Security operations centers are drowning in alerts. The sheer volume, often tens of thousands daily, forces analysts into triage mode, not actual security analysis. This deluge means sophisticated threats, designed to fly under the radar, are frequently missed, turning alert fatigue into a significant business risk. According to Databricks, the problem is as much about data architecture as it is about human capacity.
Legacy Security Information and Event Management (SIEM) systems often operate on a 'collect and discard' model, imposing a proprietary 'security tax' that limits visibility due to escalating costs. Fragmented telemetry across endpoints, networks, and identities further complicates correlation, leaving gaps that attackers exploit. The breach that causes the most damage is rarely the one that generates the most alerts, but rather the one whose subtle signals go unnoticed.
The Rise of the Open Agentic SIEM
Databricks is proposing an alternative: an open agentic SIEM designed for the AI era. This approach aims to replace manual bottlenecks with unified, machine-speed defense. The foundation is Databricks Lakewatch, which unifies all security, IT, and business telemetry on an open lakehouse architecture. By automating data wrangling and initial triage through Agent Bricks and OCSF normalization, Lakewatch prepares data for advanced analysis.

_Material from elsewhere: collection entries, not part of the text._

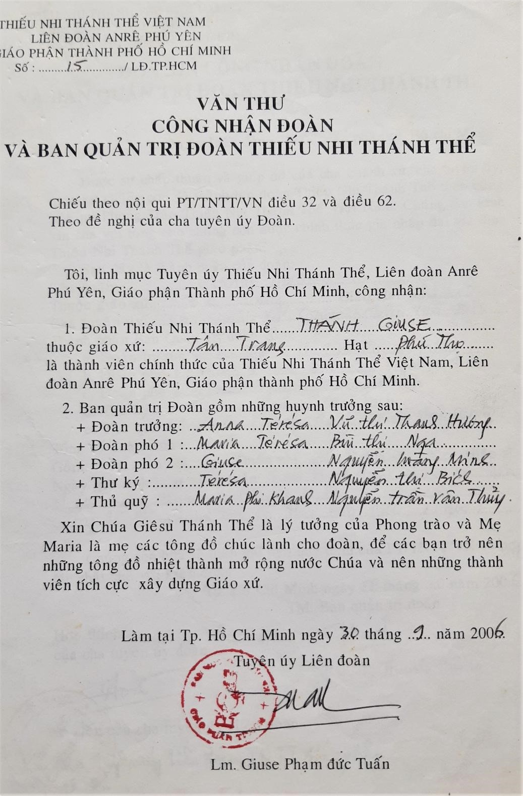 Đoàn TNTT xứ đoàn Thánh Giuse lại ra mắt theo công văn chính thức vào ngày lễ Truyền giáo 10.2006, được chị Trưởng HLV Maria Đỗ Tuyết Minh công bố.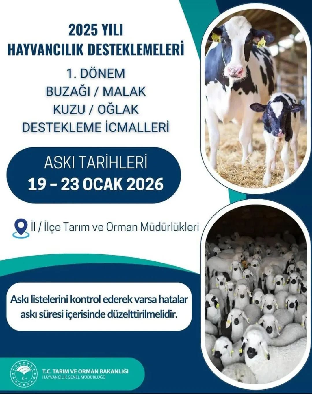 2025 yılı 1. dönem kuzu/oğlak ve buzağı desteklemelerine ait askı icmalleri yayımlandı. Tarım ve Orman İl Müdürlüğü tarafından yapılan duyuruda, destekleme kapsamında yer alan üreticilerin icmalleri dikkatle incelemeleri gerektiği vurgulandı.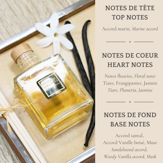 Ideal for any room in your home or office, Hinerava’s Diffuseur d’Ambiance Délice de Bora Bora provides a touch of tranquility and elegance, taking you on a fragrance voyage to Bora Bora.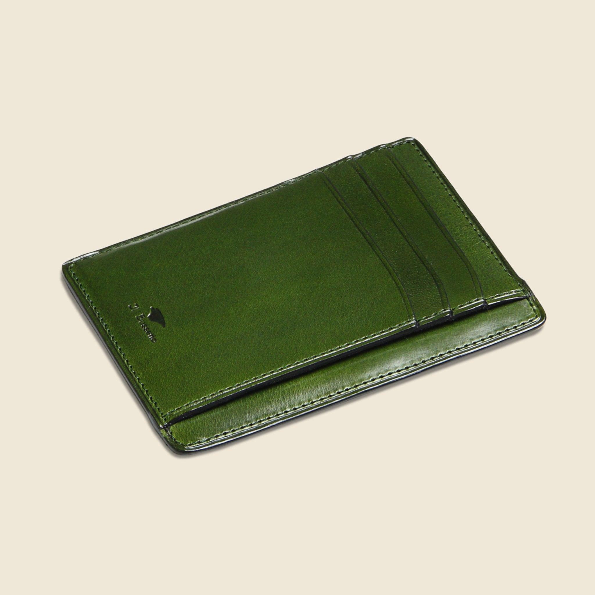Slim, classic Italian-made wallet that’s made to go the distance. Features the ability to hold up to eight cards or folded cash in a compact, veg-tanned card case design. Il Bussetto's rich history of impeccably handcrafted leather goods culminates in an incredible assortment of functional wallets and cardholders. Vegetable-tanned leather Card case design Hand-painted with natural colors One central slip pocket and four card slots Made in Italy Dimensions: 4.33" x 3.15"

This setup enables Databricks Genie to function as a high-fidelity AI security agent. Leaders can query their entire environment using natural language, asking complex questions like, 'Which user accounts exhibit lateral movement patterns correlated with recent privileged access changes?'
In this new paradigm, such queries don't just return data; they trigger autonomous agents to hunt, summarize, and neutralize threats at machine speed. This shifts defenders from a 'human-in-the-loop' model to a 'human-at-the-helm' approach, where human experts focus on strategy while AI agents handle autonomous threat hunting and neutralization. The era of the proprietary 'security tax' is ending, Databricks suggests, replaced by unified data visibility and AI-driven defense.